IT Risk Analyst / Permanent Controller
CONSORT Group • Porto
Publicado em 02/04/2026 às 12:34
Full-time
Informática (Programação)
Remoto
Descrição da Vaga
Every moment counts. Especially those you live to the fullest. Welcome to Consort Group.
For over 30 years, Consort Group has been helping companies leverage their data and infrastructure. It is backed by two leaders, Consortis and Consortia, and places people and social responsibility at the heart of its values.
This is your future team
Established in 2021, Consort Portugal supports the strategic offshoring choices of our clients, particularly in Europe, and brings our expertise in infrastructure services to the Portuguese market. With a team of around 45 employees, our Service Center based in Porto is developing a dynamic nearshore business, offering the French and European markets an environment of excellence and high potential.
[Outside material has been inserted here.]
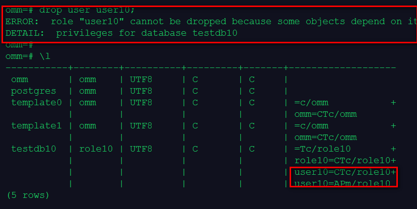 若用户下存在数据库、表空间/表等对象、未清理的权限时,无法删除用户。

IT Risk Analyst / Permanent Controller
This is your mission
Are you passionate about cybersecurity, risk management, and digital resilience? Then this position is for you.
As IT Risk Analyst / Permanent Controller, you will be responsible for identifying, analyzing, and monitoring cyber and operational risks within IT payment services in our ecosystem.
Build side:
* Define and promote cybersecurity governance frameworks for IT payment services.
* Support IT teams in understanding, managing, and mitigating cyber risks within their activities.
* Contribute to the risk landscape definition by integrating operational risk inputs such as RCSA results and historical incidents.
* Collaborate with security, development, and production teams to integrate risk management practices into IT processes.
* Participate in risk management exercises, audits, and third-party risk assessments.
Run side:
* Execute permanent control activities covering ICT and non-ICT risks within the IT payment services perimeter.
* Identify and analyze operational risks by performing root cause analysis and impact assessments.
* Monitor remediation actions and ensure effective implementation of corrective measures.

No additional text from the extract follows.